Rental real estate has grown in popularity with the fall of housing prices. While on paper it is easy to make a monthly income from renting out real estate, the reality is that there is a lot of work involved. Not only do you have to do a lot of research to find properties that will provide you with income each month (they are rarer than you think) you also have to deal with the ongoing management and maintenance of the property.
In other words, it is a lot of work. But, it can be financially rewarding. The key is to make sure you are ready to be a landlord. If not, read this post for how to get into the real estate game without being a landlord.
You can make money by trading currency. The market for this though is very volatile and will turn your hair gray very quickly. Trust me when I say it is not for everyone. I traded currency in grad school as part of a mock trading experiment and I realized I wasn’t cut out for it. But for others, it could make sense.
You can invest in oil, gold, coffee beans, sugar or pot belly pigs too. I have no personal experience in this so I can’t say if this type of investment is good or bad. But my gut would say that it is just like currency above – you have to put in the research and work to make a profit.

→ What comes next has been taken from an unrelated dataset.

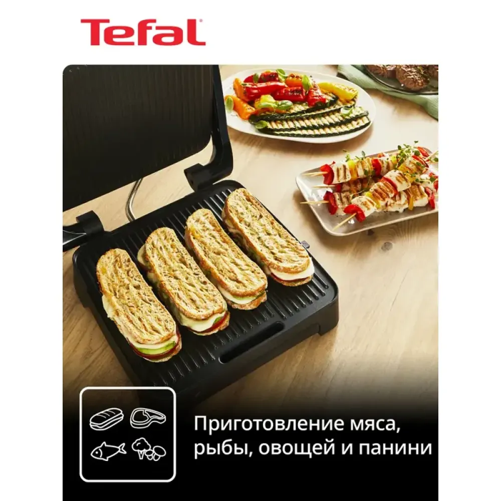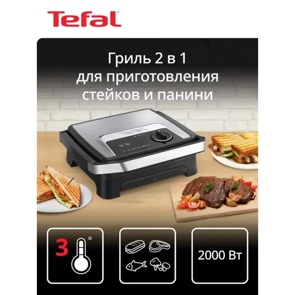 Электрогриль Tefal Inicio Adjust GC272D10 — универсальное устройство 2‑в‑1: панини‑тостер и гриль, сочетающее удобство, точный контроль температуры и быстрый нагрев для вкусных, разнообразных блюд.

In the last 10 years, peer-to-peer lending has taken off in popularity. With this type of investing, you are the lender, loaning money to other people. The borrowers post how much they need and after the website does a financial check on them, assigns a rough interest rate. You, along with others, then fund their loan. Once fully funded, the borrower begins to pay back the loan to you and the other lenders on a monthly basis.
I used to invest in peer-to-peer lending. It was fun to help out others and at the same time earn a nice return. When investing this way you do run the risk of losing your principal, but with the loans I invested in, I never encountered this problem. Lending Club is a great peer to peer lending company that offers great loans with low interest.

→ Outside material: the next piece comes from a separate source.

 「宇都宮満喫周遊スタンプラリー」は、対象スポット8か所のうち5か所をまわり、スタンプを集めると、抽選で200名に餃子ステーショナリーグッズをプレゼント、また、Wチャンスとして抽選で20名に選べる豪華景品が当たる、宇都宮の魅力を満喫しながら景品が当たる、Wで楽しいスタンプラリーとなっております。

Below is a chart I created breaking out the various types of investments I mention along with the risk associated with them. Remember that the higher the risk, the greater the return potential.
For most readers, you are best served by keeping your emergency money and any other money needed in less than 5 years in a savings account and short-term bonds. I know you won’t earn much with the low interest rates we have right now but your money will be safe.
From there, I would go the traditional route and invest my long-term money in a combination of stocks and bonds. You can get my book, 7 Investing Steps That Will Make You Wealthy, for a guide on how to invest the right way. You can also go the automatic route and invest with a firm like Betterment. Either option will see you reach your goals.
If you do want to diversify further, rental real estate is my choice. But, you can choose any number of alternative investment types. I would just caution that you stay diversified and invest in a various combination of investments.
In the end, there are many types of investments for you to choose from. Your first step should be to decide on when you need the money. This will help you to decide on what path to take – short-term or long-term. From there, you can begin to work on which investment(s) make the most sense for you. If you have any questions with this part of the process, don’t hesitate to contact me.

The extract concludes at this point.